Affirming.
The appellant, Ed. Fogle, was indicted by the Madison county grand jury, charged with the offense denounced by section 1214 of our statutes of seducing and carnally knowing Myrtle Walton, a female under twenty-one years of age while under a promise to marry her. On his trial he was convicted and punished by confinement in the penitentiary for one year, and from the judgment pronounced on the verdict, after his motion for a new trial was overruled, he prosecutes this appeal, urging through his counsel only one ground for a reversal, which is: That the court erred in failing to properly instruct the jury. *Page 746
The indictment named the prosecutrix and charged the offense in the language of the statute, and the instruction of the court submitting to the jury the issue as to defendant's guilt or innocence followed and adopted that language. It is now insisted on this appeal that under our opinions in the cases of Berry v. Commonwealth, 149 Ky. 398; Hudson v. Commonwealth,161 Ky. 257; Gaddis v. Commonwealth, 175 Ky. 183; Hoskins v. Commonwealth, 188 Ky. 80, and Morehead v. Commonwealth, 194 Ky. 592, it was the duty of the court to define the term "seduction" as used in the statute, and to submit to the jury the question of the chastity of the prosecutrix, as defined in those opinion. An examination of them will disclose the fact that the court in adjudging the applicable law under the particular facts presented by each of those records, used language which might be construed as announcing a necessary element of the offense in all cases, which was, that in order to secure a conviction under the charge, "it must appear that the seduced female was of chaste character at the time of the intercourse," although it might also appear that at some remote prior time her conduct was otherwise but which had been followed by a reformation on her part. It is quite evident that the court, wherever it so intimated in any of those opinions, was dealing with the facts presented by the particular record, and did not intend thereby to impose the burden upon the Commonwealth of proving the chastity of the prosecutrix in all cases as a prerequisite to conviction. If such proof was imperatively required, then it would logically follow that the indictment to be good should also contain an allegation to that effect, and which would be tantamount to inserting an element in the statute which it did not contain. Therefore, when the question was later presented in the case of Bush v. Commonwealth, 205 Ky. 14, the cases above cited were referred to and the rule deducible from them was stated to be, "That an instruction couched in the language of the indictment which follows the statute sufficiently defines seduction unless the question of chastity is at issue on the evidence, when it must be defined so as to include and present this element of the offense for consideration by the jury."

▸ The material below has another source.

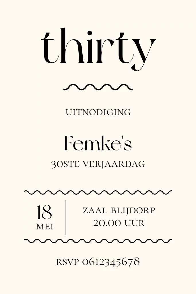 Vier je 30e verjaardag in stijl met deze prachtige typografische uitnodiging. Deze uitnodiging is perfect voor een vrouw die haar 30e mijlpaalverjaardag wil vieren. De cleane en typografische stijl zorgen voor een chic tintje. Pas naar eigen smaak aan in onze online editor. Met de metallic beige envelopkleur maak je deze verjaardagsuitnodiging helemaal in stijl af.
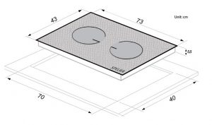 • Kích thước bếp (D x R x C): 73 x 43 x 5,5 cm

It would, therefore, appear that neither the question as to the chastity of the prosecutrix nor a definition of seduction is necessary where there is no testimony impeaching *Page 747 her chastity. In other words, if she was unchaste at the time of the intercourse, within the definition given in those opinions, it is a defense which the defendant may rely on and introduce proof to sustain. No such defense was made in this case, and no proof offered to impeach the chastity of the prosecutrix, Myrtle Walton. It is true that the record discloses that for a time prior to the beginning of defendant's associations with her she was visited by another young man who was a student in the normal school at Richmond, but there is no intimation of any improper relations between them. On the contrary, it is shown to have been nothing more than the usual visitations of a young lady by an attentive young gentleman.
We, therefore, conclude that, in the absence of proof to establish unchastity on the part of the prosecutrix, it will be presumed that she was chaste, in which case it is sufficient for the instructions to follow the language of the statute, and which is all that is required, under the opinions referred to, to make the indictment sufficient.
The only error relied on having been found insufficient, and there being no other appearing in the record, the judgment is affirmed.